Turba Philosophorum
The Twenty-Fourth Dictum
Bocascus* saith: Thou hast spoken well, O Belus, and therefore I follow thy steps!
He answereth: As it may please you, but do not become envious, for that is not the part of the Wise. And Bocascus: Thou speakest the truth, and thus, therefore, I direct the Sons of the Doctrine. Take lead, and, as the Philosophers have ordained, imbue, liquefy, and afterwards congeal, until a stone is produced; then rule the stone with gluten of gold and syrup of pomegranates until it be broken up. But you have already divided the water into two parts, with one of which you have liquefied the lead, and it has become as water; cook, therefore, the same until it be dried and have become earth; then pound with the water reserved until it acquire a red colour, as you have been frequently ordered.*
The Turba answereth: Thou hast done nothing but pile up ambiguous words, Return, therefore, to the subject. And he: Ye who wish to coagulate quicksilver,t must mix it with its equal.

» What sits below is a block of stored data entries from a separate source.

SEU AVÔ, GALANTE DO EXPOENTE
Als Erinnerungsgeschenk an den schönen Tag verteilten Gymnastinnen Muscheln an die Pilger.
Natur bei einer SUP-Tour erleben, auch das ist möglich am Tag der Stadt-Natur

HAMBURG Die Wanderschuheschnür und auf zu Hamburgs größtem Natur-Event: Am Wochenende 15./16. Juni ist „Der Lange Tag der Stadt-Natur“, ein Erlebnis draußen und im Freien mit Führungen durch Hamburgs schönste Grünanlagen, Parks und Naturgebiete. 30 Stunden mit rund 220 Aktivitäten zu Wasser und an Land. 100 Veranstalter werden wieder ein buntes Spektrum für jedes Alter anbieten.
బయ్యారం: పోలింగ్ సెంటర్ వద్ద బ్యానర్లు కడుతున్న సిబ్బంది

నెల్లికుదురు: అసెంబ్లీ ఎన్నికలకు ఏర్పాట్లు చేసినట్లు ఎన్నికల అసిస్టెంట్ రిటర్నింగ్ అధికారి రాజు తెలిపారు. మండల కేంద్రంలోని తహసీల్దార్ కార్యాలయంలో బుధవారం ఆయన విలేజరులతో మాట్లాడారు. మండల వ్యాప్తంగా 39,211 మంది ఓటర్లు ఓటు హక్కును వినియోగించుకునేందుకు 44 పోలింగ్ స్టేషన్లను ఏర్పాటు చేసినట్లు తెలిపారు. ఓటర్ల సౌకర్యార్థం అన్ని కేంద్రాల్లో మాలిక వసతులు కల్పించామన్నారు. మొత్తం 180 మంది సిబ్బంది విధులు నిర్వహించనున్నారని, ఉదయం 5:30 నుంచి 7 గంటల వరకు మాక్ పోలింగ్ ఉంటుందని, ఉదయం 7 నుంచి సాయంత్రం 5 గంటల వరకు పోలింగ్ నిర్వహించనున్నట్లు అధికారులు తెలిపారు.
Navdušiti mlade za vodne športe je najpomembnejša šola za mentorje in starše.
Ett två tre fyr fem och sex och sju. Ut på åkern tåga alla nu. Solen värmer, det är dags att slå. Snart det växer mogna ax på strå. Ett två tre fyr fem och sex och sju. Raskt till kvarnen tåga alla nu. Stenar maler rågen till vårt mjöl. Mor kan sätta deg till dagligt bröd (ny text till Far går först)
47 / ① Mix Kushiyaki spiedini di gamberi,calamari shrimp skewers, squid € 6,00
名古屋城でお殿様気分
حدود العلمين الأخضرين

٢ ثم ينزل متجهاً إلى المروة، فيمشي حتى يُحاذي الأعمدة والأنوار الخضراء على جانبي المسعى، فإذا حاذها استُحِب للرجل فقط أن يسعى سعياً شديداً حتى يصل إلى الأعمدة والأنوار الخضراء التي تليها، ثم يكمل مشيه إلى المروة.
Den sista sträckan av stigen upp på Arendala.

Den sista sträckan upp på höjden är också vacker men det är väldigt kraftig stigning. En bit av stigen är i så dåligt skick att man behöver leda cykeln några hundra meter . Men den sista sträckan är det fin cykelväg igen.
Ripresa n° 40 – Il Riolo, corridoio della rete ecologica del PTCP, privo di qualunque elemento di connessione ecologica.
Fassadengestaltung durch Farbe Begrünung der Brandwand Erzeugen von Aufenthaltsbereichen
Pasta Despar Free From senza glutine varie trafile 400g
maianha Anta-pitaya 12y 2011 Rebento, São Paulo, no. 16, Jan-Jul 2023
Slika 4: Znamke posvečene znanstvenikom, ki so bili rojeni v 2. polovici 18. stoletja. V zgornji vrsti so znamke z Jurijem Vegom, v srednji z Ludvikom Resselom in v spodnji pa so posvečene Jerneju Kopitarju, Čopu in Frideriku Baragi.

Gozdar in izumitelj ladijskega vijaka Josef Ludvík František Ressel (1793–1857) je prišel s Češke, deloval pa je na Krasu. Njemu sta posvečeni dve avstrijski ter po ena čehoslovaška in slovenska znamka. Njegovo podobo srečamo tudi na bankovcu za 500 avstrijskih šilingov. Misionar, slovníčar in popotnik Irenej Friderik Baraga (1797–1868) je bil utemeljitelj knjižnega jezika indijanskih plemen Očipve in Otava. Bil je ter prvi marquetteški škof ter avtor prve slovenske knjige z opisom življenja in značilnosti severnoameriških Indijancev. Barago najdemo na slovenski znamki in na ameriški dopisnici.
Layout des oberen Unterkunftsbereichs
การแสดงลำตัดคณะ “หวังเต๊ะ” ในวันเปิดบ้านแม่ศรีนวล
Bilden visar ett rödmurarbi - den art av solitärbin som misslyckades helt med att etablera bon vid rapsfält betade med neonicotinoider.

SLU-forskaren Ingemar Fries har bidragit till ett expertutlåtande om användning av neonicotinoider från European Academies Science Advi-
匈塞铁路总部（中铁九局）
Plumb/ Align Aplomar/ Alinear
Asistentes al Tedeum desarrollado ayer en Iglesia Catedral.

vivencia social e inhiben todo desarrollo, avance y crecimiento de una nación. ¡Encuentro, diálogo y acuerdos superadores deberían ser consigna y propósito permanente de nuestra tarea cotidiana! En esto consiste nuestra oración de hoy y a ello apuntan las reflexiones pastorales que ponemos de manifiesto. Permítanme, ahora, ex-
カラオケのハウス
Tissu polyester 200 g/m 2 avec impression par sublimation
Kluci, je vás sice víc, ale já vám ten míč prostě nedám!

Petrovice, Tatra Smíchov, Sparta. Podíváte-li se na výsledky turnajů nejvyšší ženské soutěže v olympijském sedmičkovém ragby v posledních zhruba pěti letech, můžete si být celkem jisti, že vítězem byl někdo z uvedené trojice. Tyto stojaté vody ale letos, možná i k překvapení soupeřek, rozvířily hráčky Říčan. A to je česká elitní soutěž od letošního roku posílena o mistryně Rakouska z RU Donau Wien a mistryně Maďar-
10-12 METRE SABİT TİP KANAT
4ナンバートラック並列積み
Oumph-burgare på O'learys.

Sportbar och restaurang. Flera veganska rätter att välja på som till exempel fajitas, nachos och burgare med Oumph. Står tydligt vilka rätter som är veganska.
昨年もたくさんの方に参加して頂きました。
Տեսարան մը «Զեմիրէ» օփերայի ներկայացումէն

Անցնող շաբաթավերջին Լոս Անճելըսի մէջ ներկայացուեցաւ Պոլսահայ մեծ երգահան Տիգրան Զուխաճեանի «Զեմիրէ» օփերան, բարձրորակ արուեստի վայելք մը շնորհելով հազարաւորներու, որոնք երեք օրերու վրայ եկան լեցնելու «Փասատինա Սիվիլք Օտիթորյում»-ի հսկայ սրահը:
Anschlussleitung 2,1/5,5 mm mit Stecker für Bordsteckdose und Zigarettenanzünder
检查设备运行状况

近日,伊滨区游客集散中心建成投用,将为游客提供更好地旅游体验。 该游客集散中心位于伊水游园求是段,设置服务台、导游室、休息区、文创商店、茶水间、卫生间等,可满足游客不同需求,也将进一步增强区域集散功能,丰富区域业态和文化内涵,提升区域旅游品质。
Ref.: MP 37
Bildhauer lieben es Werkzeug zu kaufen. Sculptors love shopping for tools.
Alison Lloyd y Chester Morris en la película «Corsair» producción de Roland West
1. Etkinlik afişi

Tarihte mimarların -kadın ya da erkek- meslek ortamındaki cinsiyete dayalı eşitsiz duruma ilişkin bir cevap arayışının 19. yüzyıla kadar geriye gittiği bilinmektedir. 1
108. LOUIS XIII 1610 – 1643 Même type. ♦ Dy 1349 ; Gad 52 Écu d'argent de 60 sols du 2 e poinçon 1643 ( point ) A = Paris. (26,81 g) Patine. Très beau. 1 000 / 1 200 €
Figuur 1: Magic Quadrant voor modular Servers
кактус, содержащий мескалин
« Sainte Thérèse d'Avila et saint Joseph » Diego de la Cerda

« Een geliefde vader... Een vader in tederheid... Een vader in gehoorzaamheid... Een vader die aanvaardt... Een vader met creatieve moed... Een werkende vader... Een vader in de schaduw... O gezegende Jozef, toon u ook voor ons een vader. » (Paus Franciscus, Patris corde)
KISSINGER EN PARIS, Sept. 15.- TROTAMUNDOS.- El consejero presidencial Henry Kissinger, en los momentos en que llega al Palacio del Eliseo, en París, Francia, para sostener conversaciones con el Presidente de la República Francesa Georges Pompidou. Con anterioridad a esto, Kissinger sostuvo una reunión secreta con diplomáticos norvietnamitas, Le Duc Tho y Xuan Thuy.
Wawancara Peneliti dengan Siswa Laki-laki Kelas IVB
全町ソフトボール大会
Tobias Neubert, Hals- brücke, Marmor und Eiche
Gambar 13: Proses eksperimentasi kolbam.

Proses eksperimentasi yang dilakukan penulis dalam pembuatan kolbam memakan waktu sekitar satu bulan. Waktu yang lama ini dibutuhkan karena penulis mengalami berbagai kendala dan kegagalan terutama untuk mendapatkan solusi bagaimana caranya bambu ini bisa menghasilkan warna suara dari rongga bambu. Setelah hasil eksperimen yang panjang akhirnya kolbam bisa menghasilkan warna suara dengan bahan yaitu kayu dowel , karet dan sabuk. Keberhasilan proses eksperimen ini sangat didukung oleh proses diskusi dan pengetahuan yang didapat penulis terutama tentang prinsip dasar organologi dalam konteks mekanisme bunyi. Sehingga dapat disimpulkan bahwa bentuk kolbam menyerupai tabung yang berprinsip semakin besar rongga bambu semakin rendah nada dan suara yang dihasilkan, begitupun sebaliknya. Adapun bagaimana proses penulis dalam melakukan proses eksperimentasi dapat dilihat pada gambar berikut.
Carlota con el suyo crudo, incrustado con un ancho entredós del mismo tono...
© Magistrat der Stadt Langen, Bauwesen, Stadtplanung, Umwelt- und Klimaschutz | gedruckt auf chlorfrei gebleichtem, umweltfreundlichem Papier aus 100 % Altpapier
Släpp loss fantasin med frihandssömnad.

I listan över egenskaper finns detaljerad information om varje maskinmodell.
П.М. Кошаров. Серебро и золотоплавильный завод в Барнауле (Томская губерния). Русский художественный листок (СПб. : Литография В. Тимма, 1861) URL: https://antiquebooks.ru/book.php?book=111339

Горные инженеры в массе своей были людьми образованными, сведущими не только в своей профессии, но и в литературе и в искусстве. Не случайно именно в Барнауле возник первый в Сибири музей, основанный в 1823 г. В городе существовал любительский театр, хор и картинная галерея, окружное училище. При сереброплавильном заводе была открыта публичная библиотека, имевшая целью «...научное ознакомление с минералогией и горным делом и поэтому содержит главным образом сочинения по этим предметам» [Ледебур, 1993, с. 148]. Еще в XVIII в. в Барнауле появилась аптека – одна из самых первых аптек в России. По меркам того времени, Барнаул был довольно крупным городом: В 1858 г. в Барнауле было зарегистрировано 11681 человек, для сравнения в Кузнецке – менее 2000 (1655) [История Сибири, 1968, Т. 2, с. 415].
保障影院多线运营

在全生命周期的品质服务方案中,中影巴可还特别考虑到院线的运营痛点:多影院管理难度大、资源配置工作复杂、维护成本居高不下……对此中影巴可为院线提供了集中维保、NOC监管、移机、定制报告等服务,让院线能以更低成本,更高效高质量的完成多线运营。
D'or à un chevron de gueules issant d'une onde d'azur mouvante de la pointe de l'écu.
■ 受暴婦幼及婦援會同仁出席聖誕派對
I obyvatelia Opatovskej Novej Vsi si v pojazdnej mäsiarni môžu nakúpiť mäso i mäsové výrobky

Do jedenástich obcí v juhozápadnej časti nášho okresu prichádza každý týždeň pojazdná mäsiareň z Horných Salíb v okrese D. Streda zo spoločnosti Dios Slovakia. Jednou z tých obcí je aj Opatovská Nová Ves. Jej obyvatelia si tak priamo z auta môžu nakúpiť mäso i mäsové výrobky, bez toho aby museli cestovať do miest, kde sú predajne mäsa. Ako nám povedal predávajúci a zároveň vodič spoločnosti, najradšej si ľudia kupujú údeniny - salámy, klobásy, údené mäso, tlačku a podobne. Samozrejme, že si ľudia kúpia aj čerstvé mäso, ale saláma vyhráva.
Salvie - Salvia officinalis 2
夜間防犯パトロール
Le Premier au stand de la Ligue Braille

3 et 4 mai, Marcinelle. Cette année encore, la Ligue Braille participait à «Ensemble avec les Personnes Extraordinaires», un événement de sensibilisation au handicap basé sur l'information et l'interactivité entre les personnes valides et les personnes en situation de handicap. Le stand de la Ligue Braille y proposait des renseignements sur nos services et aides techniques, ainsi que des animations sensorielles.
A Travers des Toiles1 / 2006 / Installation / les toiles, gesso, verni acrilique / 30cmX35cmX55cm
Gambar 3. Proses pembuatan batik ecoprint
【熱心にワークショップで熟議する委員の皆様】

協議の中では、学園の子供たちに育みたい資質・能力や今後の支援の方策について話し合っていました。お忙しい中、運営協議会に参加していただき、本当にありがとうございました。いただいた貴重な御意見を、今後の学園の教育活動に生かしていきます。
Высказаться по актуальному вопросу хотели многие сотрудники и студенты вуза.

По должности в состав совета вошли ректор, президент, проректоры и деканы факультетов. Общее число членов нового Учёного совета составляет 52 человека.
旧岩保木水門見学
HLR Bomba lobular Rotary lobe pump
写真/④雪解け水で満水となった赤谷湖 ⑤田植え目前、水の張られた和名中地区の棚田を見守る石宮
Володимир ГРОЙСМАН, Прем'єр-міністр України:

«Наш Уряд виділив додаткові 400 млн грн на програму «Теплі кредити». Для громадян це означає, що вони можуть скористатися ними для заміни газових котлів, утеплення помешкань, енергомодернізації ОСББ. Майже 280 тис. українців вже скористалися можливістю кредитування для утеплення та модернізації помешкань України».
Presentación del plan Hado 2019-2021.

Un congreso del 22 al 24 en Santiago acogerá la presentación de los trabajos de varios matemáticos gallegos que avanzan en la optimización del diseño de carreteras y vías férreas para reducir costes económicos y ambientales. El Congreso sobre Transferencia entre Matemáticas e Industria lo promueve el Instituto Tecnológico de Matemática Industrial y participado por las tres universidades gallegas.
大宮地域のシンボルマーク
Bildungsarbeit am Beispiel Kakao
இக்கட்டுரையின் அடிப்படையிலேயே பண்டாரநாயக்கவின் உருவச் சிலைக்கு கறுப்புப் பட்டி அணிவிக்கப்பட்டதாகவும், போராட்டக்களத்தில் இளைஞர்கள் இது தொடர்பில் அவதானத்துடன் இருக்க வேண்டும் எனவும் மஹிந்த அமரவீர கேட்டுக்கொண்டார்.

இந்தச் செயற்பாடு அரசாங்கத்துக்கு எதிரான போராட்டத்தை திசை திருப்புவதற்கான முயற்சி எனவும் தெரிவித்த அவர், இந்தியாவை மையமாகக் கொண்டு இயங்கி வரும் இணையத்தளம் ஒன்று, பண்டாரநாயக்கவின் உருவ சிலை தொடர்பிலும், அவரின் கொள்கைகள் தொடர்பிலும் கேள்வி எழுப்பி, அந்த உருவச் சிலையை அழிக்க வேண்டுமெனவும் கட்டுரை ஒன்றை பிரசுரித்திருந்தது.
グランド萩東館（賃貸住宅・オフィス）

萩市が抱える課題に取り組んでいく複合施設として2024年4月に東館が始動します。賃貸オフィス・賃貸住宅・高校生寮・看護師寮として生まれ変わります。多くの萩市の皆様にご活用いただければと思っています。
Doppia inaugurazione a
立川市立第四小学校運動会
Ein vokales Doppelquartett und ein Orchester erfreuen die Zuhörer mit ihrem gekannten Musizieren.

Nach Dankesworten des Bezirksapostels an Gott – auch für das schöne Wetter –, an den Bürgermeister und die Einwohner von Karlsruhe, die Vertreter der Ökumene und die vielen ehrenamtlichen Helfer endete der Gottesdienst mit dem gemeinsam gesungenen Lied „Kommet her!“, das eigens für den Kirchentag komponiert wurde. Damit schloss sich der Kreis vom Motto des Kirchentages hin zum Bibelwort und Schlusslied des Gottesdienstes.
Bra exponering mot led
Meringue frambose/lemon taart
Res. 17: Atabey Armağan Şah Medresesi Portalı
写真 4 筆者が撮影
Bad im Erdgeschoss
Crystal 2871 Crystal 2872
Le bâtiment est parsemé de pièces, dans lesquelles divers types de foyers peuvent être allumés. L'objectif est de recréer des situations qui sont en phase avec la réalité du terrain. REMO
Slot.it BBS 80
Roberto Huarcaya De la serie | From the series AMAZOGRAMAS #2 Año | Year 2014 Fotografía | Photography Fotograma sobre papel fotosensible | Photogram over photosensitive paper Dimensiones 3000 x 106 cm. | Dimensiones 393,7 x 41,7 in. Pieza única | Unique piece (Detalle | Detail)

Afterwards cook it diligently until both become permanent water, and, again, cook this water until it be coagulated. But let this be desiccated with its own equal vapour, because ye have found the whole quicksilver to be coagulated by itself.* If ye understand, and place in your vessel what is necessary, cook it until it be coagulated, and then poundt until it becomes a crocus like to the colour of gold.